◆ Excerpted records

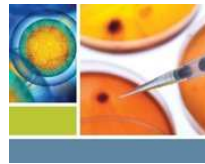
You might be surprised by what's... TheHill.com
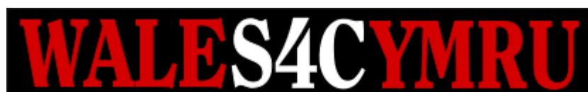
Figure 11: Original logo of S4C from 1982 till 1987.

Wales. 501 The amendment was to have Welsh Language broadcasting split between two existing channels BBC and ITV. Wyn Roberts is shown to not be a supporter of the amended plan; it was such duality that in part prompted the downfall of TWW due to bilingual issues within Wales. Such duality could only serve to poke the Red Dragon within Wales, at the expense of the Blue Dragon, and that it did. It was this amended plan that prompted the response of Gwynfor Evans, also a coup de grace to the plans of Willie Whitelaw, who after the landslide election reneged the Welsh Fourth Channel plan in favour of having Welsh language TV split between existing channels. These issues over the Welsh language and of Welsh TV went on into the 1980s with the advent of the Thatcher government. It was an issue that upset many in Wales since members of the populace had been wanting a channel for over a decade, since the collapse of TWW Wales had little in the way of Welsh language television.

--

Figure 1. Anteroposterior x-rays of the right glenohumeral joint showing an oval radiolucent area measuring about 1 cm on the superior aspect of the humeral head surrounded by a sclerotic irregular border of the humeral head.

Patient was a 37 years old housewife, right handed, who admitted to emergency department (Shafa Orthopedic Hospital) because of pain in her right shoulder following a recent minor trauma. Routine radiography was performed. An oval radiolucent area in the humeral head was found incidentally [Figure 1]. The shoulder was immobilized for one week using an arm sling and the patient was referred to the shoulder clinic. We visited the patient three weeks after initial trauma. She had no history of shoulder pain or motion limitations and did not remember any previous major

---

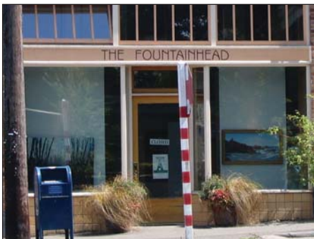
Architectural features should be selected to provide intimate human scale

◆ Prompt
Range to copy from the listing above: the line containing "You might be" down to the line containing "Figure 11: Original", both included. Reproduce it exactly, minus the pictures, and add nothing.

◆ Exercise output
You might be surprised by what's... TheHill.com
Figure 11: Original logo of S4C from 1982 till 1987.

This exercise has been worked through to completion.